> _TASK STATEMENT_: Copy all the lines of the listing below exactly. Skip the images.

-- STORED DATA follows --

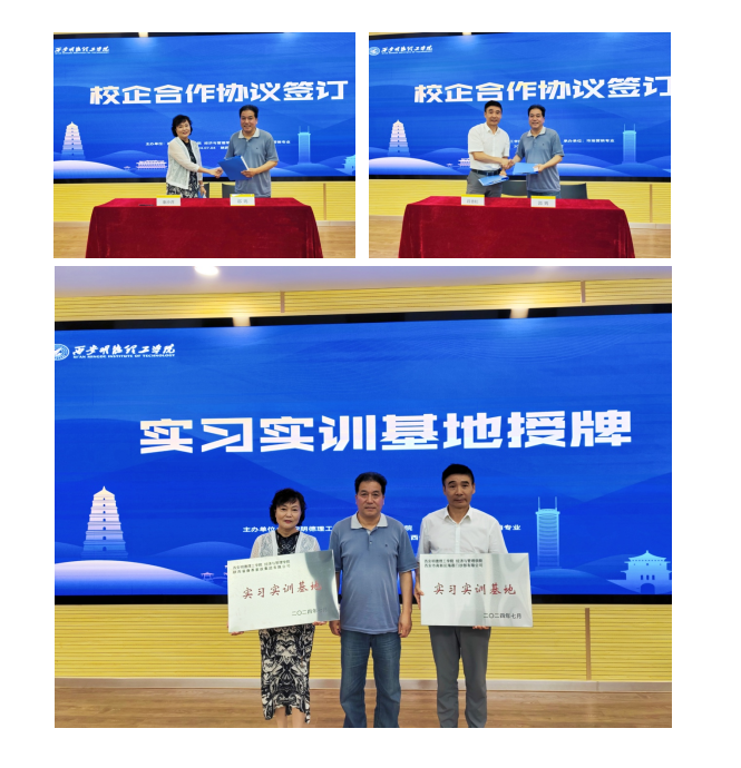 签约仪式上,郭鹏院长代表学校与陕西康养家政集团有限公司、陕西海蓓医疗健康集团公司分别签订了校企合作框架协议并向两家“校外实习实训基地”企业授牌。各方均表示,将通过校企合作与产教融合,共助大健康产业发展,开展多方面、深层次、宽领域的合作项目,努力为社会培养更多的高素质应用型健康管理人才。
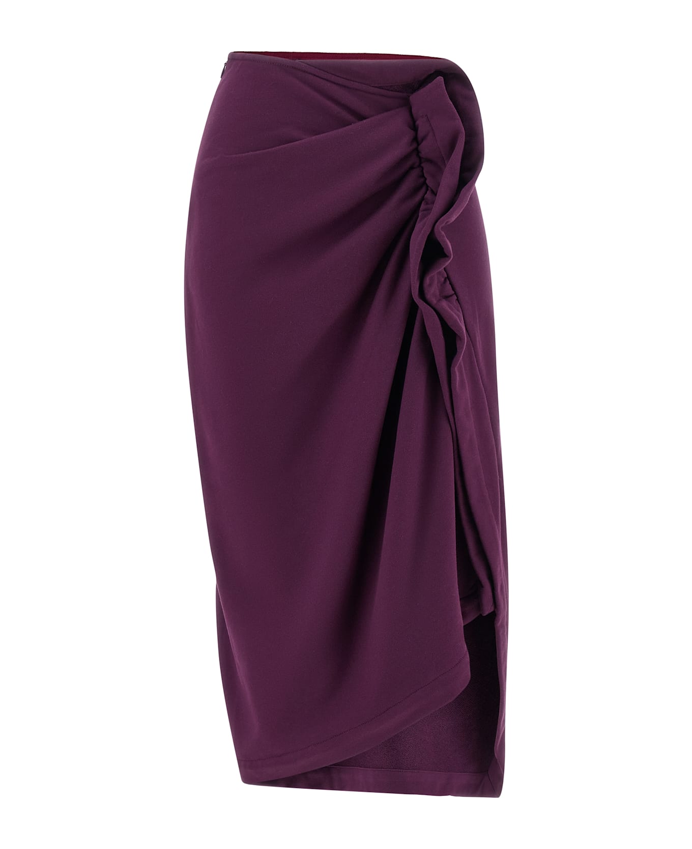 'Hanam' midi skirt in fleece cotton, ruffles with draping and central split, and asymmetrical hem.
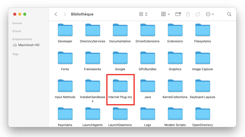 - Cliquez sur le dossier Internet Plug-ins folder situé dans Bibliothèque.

-- STORED DATA concluded --

> _ANSWER_:
 签约仪式上,郭鹏院长代表学校与陕西康养家政集团有限公司、陕西海蓓医疗健康集团公司分别签订了校企合作框架协议并向两家“校外实习实训基地”企业授牌。各方均表示,将通过校企合作与产教融合,共助大健康产业发展,开展多方面、深层次、宽领域的合作项目,努力为社会培养更多的高素质应用型健康管理人才。
 'Hanam' midi skirt in fleece cotton, ruffles with draping and central split, and asymmetrical hem.
 - Cliquez sur le dossier Internet Plug-ins folder situé dans Bibliothèque.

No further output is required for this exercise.